Build in public.

Not for attention. For proof.

There used to be a playbook for building software companies. There isn’t anymore.

When building gets cheaper, faster, and more automated, the thing that compounds is no longer just what you ship. It’s what people can see you learning. The decisions. The changes. The moments where something breaks and the team decides what happens next. That’s the part most companies still hide.

But in a market where everyone can make something look real, proof matters more than polish.

Build in public is not posting more. It’s making the work visible: the calls, the signals, the decisions, and the moments where the story changes before it becomes obvious.

This month, that also means showing more of the system underneath Builders. The one we’ve been quietly rebuilding, and the one we’re opening up with VSI (venture studio intelligence) on June 4.

Because in a market where everyone can make the output look polished, the process becomes the proof.

First things first: build in public means showing the system.

Most teams hear “build in public” and think it means more posts, more updates, more behind-the-scenes. That’s not the shift.

The shift is moving from showing output to showing how the output gets made. The calls. The signals. The decisions. The moments where the team changes direction because reality says so.

That is also what we’ve been rebuilding inside Builders.

For years, the studio has worked because of pattern recognition. The founder signals that repeat. The customer calls that sound familiar. The moments where something looks promising, but the evidence says “not yet.”

VSI is how we turn that into a system. It turns customer conversations into scored, queryable evidence, so founders can decide from data, not gut or emotion. Every call should make you smarter, not just more informed. Every signal should help you understand what to do next.

So when we talk about building in public this month, this is the part we mean: not just showing what we’re building, but showing the operating system underneath it.

What this unlocks (and how we’ll prove it):

  • More proof → less explaining.

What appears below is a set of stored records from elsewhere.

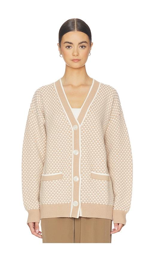 VARLEY TARRAN STITCH KNIT CARDIGAN IN TAUPE.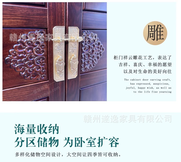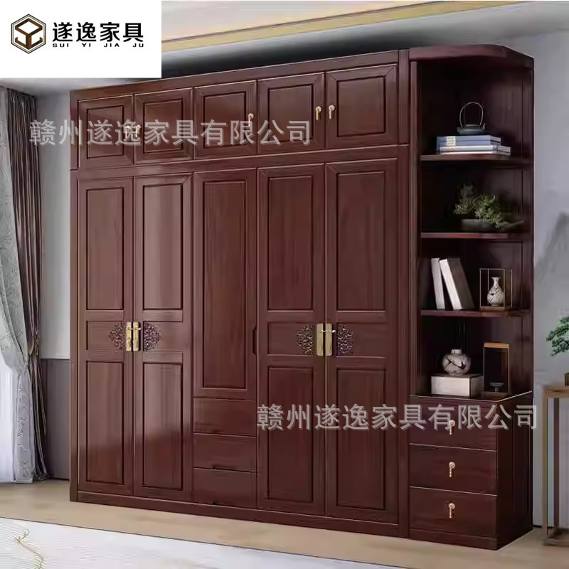 새로운 중국 스타일 우진 나무 옷장 침실 홈 가득 차있는 단단한 나무 큰 옷장 코너 저장 옷 교수형 캐비닛 새로운 스타일 2024스토어 가기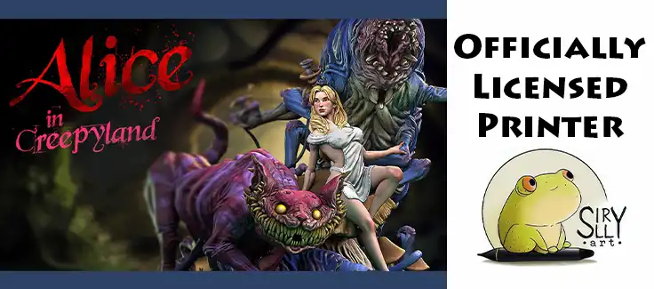 Simtasia is licensed to 3D print and sell printed models of the Siryll Art 2023 Kickstarter campaign Alice in Creepyland.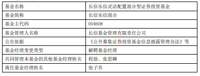 | 基金名称 | 长信乐信灵活配置混合型证券投资基金 | | --- | --- | | 基金简称 | 长信乐信混合 | | 基金主代码 | 004608 | | 基金管理人名称 | 长信基金管理有限责任公司 | | 公告依据 | 《公开募集证券投资基金信息披露管理办法》等 | | 基金经理变更类型 | 解聘基金经理 | | 共同管理本基金的其他基金经理姓名 | 程放、张思辩 | | 离任基金经理姓名 | 张子乔 | (责任编辑:康博) 中国经济网北京2月11日讯 今日,长信基金公告,张子乔离任长信乐信混合。 张子乔曾任职于东证融汇证券资产管理有限公司,2016年加入长信基金管理有限责任公司,任职于 研究发展部,担任研究员兼基金经理助理,2020年8月18日起担任基金经理。 长信乐信灵活配置混合A/C成立于2017年12月07日,截至2026年02月10日,其今年来收益率为 1.93%、1.90%,成立来收益率为42.94%、41.97%,累计净值为1.3912元、1.3832元。 ...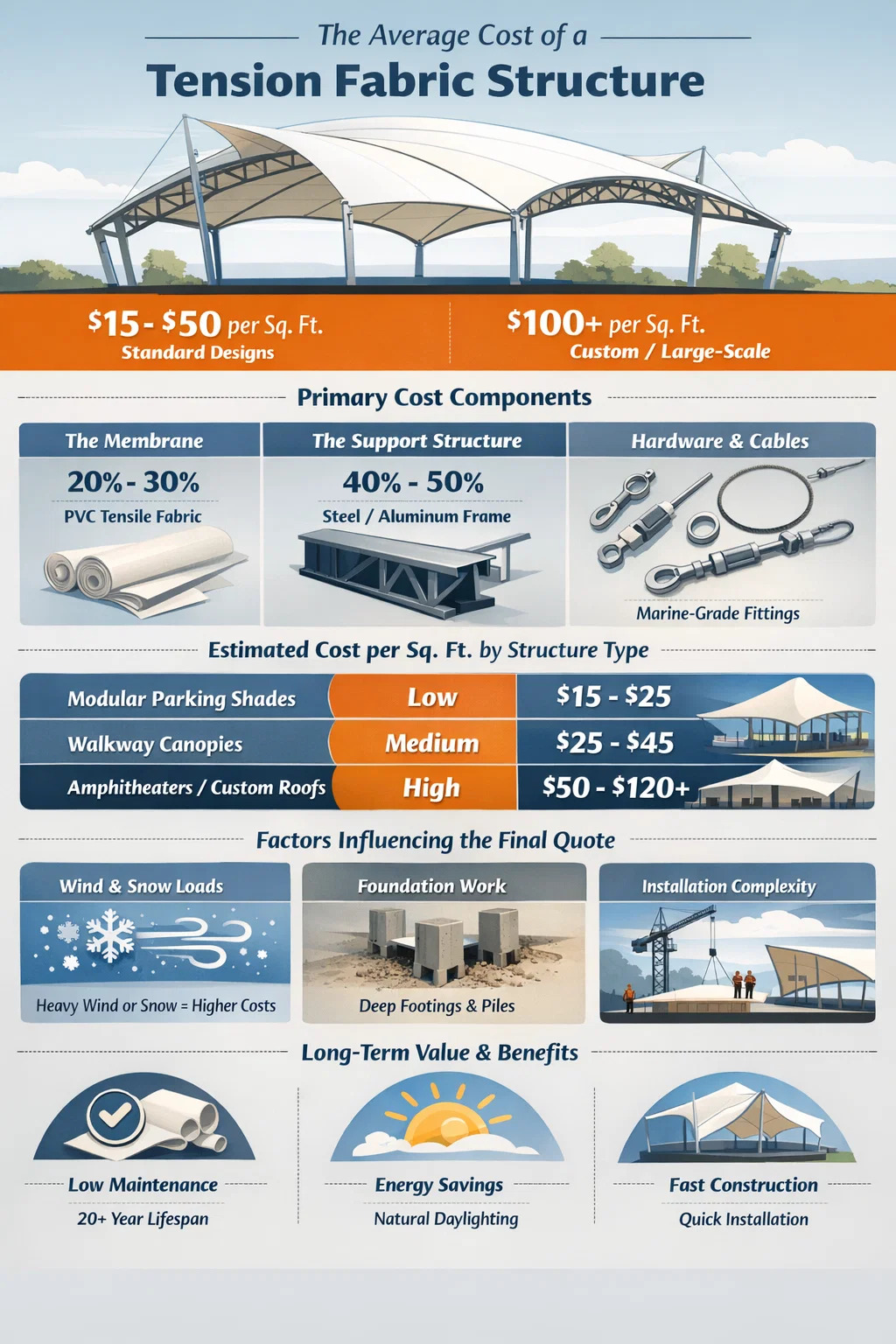 Comprendre où va votre argent nécessite de décomposer le projet en ses parties physiques. Une structure en tension est une synergie d'éléments flexibles et rigides.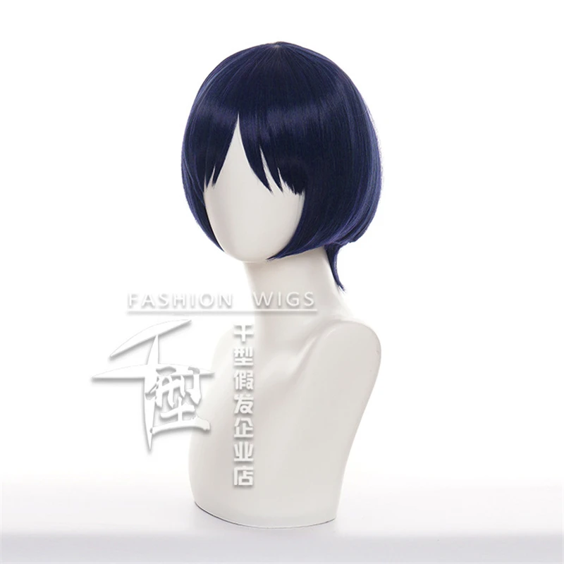 Парик Аниме Genshin Impact Cosplay Scaramouche, темно-синий коротки...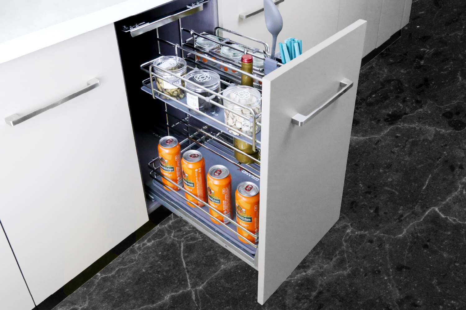 Giá dao thớt gia vị GrandX XK.30M nan Oval – Inox SUS304 – Bề mặt điện hóa xước mờ – Phụ kiện tủ bếp dưới cao cấp

When people can see how you build, what you believe, and where the product is moving, trust compounds before the first call.

  • Sharper positioning → better pipeline. The right people self-select when the signal is clear enough. Founders, engineers, investors, partners; they know what room they’re walking into.

  • Queryable evidence → better decisions. When calls, signals, and founder decisions become visible, the team stops debating memory and starts working from proof.

In the loop: rooms, reps, and receipts

A few moments that shaped the month:

  • Paris with OSS Ventures and Lovable. 40+ founders, AI products shipped in hours, and the same conclusion from two studios in the trenches: when building is free, the moat shifts. Deep domain knowledge, distribution in industries others ignore, and fast learning loops start to matter more than code.

  • CTO Network x Helloprint x Up!Rotterdam. The shift is no longer AI-first. It’s agent-first. Helloprint opened up what an AI-native organisation actually looks like in practice: smaller teams, faster execution, less operational overhead, and agents embedded into how the company runs.

  • Builders Investor House #14 at Blockrise. During Upstream, we hosted another closed room with founders and investors who are actually in it. Jos Lazet and the Blockrise team shared what it means to build in one of Europe’s toughest regulated industries, from early Bitcoin days to becoming one of the first Dutch firms authorised under MiCAR.

  • Shipweek at Builders. One goal. One opportunity. Everyone pointed at it. The joke was “how’s it going, and with AI?” The honest answer: excited as hell and spending every waking moment building. The actual moat is still having people who would rather ship than sleep.

  • Behind the scenes at Builders. We went quieter for a few weeks. Not because nothing is happening, but because the system underneath the studio is changing. Same studio. Same all-in approach. But the way we capture signals, close loops, and help founders decide is being rebuilt from the inside out. More on June 2.

Up next →

The system underneath: VSI launches June 4th

VSI launches June 4.

For pre-PMF enterprise AI founders, it becomes the entry point into Builders. Start with the platform. Turn customer calls into evidence. Build the loop. And if the signal gets strong enough, it can become the path into the studio: team, capital, CTO matching, investor network, and Builders going all-in.

For Builders, it marks a bigger transition.

Same studio. Same all-in approach. But now with a system underneath that makes every venture more queryable, more closed-loop, and sharper every time it runs. The decade of pattern-matching we’ve built is moving into the way founders work from day zero.

If you’re building an enterprise AI company, still pre-PMF, and trying to understand whether the market is actually pulling you forward, this is the moment to explore it.

👀 What we’re reading (and seeing):

Final word: show the work

Build in public is easy to say and hard to do well. Because doing it well means showing more than the win. It means showing the system behind the win. The rooms. The reps. The wrong turns. The way the team thinks when things are still unfinished.

That is uncomfortable, but it is also the point.

That’s why we’re opening up VSI. Not as another product announcement, but as the next version of how Builders works: evidence first, closed loop, built in public enough that the right founders can see where they fit.

In a world where anyone can make the output look polished, the process becomes the proof.